Assignment: Copy the listing below in full and skip every picture.

The data:
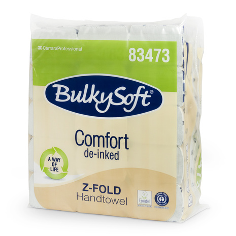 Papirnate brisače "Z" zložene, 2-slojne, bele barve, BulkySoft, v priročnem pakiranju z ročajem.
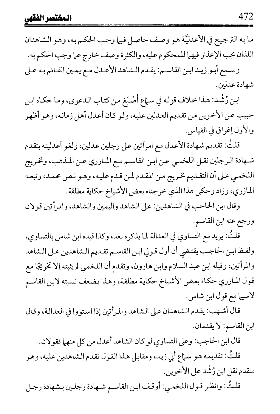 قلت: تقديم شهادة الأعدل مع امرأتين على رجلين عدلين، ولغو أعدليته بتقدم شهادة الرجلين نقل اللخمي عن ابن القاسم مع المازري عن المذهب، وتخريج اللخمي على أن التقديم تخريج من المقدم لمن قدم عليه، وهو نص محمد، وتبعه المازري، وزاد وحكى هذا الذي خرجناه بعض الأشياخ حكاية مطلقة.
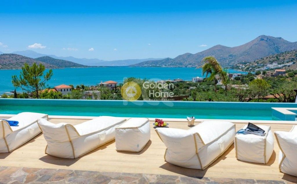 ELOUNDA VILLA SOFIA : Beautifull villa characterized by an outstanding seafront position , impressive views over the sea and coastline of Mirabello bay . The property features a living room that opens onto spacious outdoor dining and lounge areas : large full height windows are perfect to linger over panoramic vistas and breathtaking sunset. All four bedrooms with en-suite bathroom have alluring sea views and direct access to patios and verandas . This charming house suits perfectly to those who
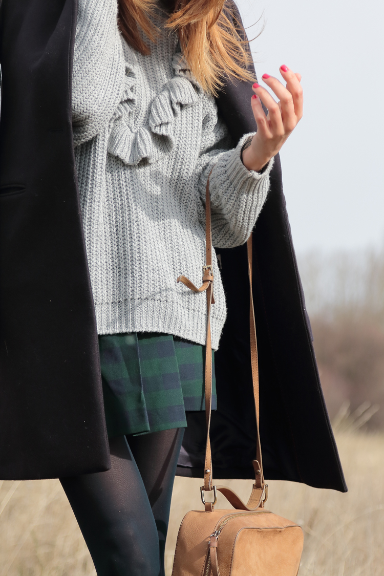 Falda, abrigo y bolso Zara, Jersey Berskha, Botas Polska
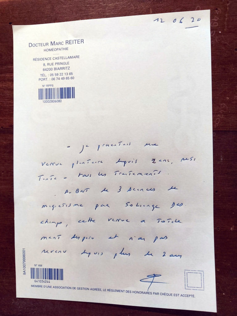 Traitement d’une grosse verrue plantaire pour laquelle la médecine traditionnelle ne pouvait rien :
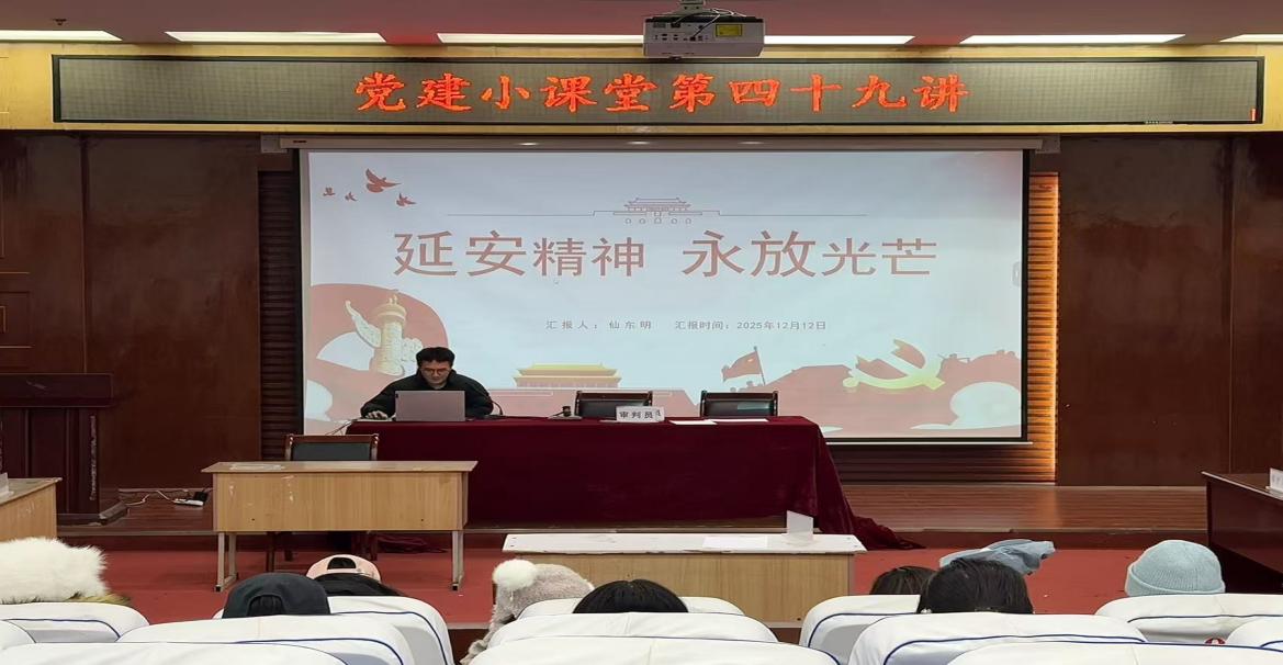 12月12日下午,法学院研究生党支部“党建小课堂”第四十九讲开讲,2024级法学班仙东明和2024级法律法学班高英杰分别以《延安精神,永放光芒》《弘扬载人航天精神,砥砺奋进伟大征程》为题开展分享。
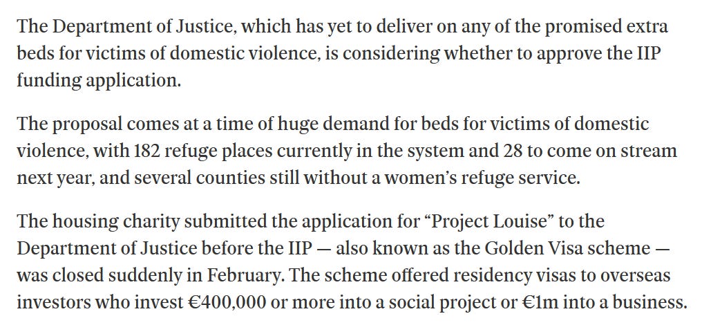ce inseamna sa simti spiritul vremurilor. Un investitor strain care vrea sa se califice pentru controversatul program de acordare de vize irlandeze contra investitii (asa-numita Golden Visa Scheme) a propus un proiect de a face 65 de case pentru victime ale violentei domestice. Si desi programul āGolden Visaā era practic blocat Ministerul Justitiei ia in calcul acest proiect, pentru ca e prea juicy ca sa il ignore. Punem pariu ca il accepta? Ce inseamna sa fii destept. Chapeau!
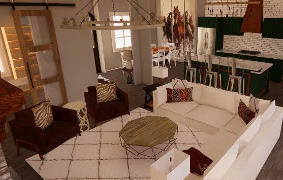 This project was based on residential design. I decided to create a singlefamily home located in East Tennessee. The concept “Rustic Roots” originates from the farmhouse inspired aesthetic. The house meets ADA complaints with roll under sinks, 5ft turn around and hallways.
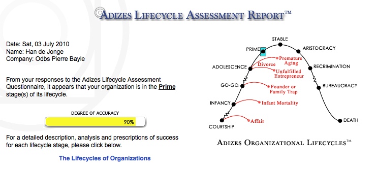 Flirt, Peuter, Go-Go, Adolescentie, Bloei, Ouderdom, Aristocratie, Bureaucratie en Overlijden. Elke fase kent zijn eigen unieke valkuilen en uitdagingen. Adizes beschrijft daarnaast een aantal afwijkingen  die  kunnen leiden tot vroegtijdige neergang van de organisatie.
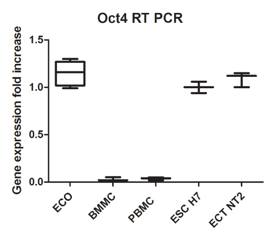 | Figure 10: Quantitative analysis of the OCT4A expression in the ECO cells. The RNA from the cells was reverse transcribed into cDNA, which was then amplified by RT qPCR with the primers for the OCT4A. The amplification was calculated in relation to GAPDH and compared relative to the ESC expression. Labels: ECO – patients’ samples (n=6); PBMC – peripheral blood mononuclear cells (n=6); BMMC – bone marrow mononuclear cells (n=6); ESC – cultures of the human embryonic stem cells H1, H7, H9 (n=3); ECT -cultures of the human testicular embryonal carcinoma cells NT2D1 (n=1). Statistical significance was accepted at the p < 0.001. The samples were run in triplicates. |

Response area:
 Papirnate brisače "Z" zložene, 2-slojne, bele barve, BulkySoft, v priročnem pakiranju z ročajem.
 قلت: تقديم شهادة الأعدل مع امرأتين على رجلين عدلين، ولغو أعدليته بتقدم شهادة الرجلين نقل اللخمي عن ابن القاسم مع المازري عن المذهب، وتخريج اللخمي على أن التقديم تخريج من المقدم لمن قدم عليه، وهو نص محمد، وتبعه المازري، وزاد وحكى هذا الذي خرجناه بعض الأشياخ حكاية مطلقة.
 ELOUNDA VILLA SOFIA : Beautifull villa characterized by an outstanding seafront position , impressive views over the sea and coastline of Mirabello bay . The property features a living room that opens onto spacious outdoor dining and lounge areas : large full height windows are perfect to linger over panoramic vistas and breathtaking sunset. All four bedrooms with en-suite bathroom have alluring sea views and direct access to patios and verandas . This charming house suits perfectly to those who
 Falda, abrigo y bolso Zara, Jersey Berskha, Botas Polska
 Traitement d’une grosse verrue plantaire pour laquelle la médecine traditionnelle ne pouvait rien :
 12月12日下午,法学院研究生党支部“党建小课堂”第四十九讲开讲,2024级法学班仙东明和2024级法律法学班高英杰分别以《延安精神,永放光芒》《弘扬载人航天精神,砥砺奋进伟大征程》为题开展分享。
ce inseamna sa simti spiritul vremurilor. Un investitor strain care vrea sa se califice pentru controversatul program de acordare de vize irlandeze contra investitii (asa-numita Golden Visa Scheme) a propus un proiect de a face 65 de case pentru victime ale violentei domestice. Si desi programul āGolden Visaā era practic blocat Ministerul Justitiei ia in calcul acest proiect, pentru ca e prea juicy ca sa il ignore. Punem pariu ca il accepta? Ce inseamna sa fii destept. Chapeau!
 This project was based on residential design. I decided to create a singlefamily home located in East Tennessee. The concept “Rustic Roots” originates from the farmhouse inspired aesthetic. The house meets ADA complaints with roll under sinks, 5ft turn around and hallways.
 Flirt, Peuter, Go-Go, Adolescentie, Bloei, Ouderdom, Aristocratie, Bureaucratie en Overlijden. Elke fase kent zijn eigen unieke valkuilen en uitdagingen. Adizes beschrijft daarnaast een aantal afwijkingen  die  kunnen leiden tot vroegtijdige neergang van de organisatie.
 | Figure 10: Quantitative analysis of the OCT4A expression in the ECO cells. The RNA from the cells was reverse transcribed into cDNA, which was then amplified by RT qPCR with the primers for the OCT4A. The amplification was calculated in relation to GAPDH and compared relative to the ESC expression. Labels: ECO – patients’ samples (n=6); PBMC – peripheral blood mononuclear cells (n=6); BMMC – bone marrow mononuclear cells (n=6); ESC – cultures of the human embryonic stem cells H1, H7, H9 (n=3); ECT -cultures of the human testicular embryonal carcinoma cells NT2D1 (n=1). Statistical significance was accepted at the p < 0.001. The samples were run in triplicates. |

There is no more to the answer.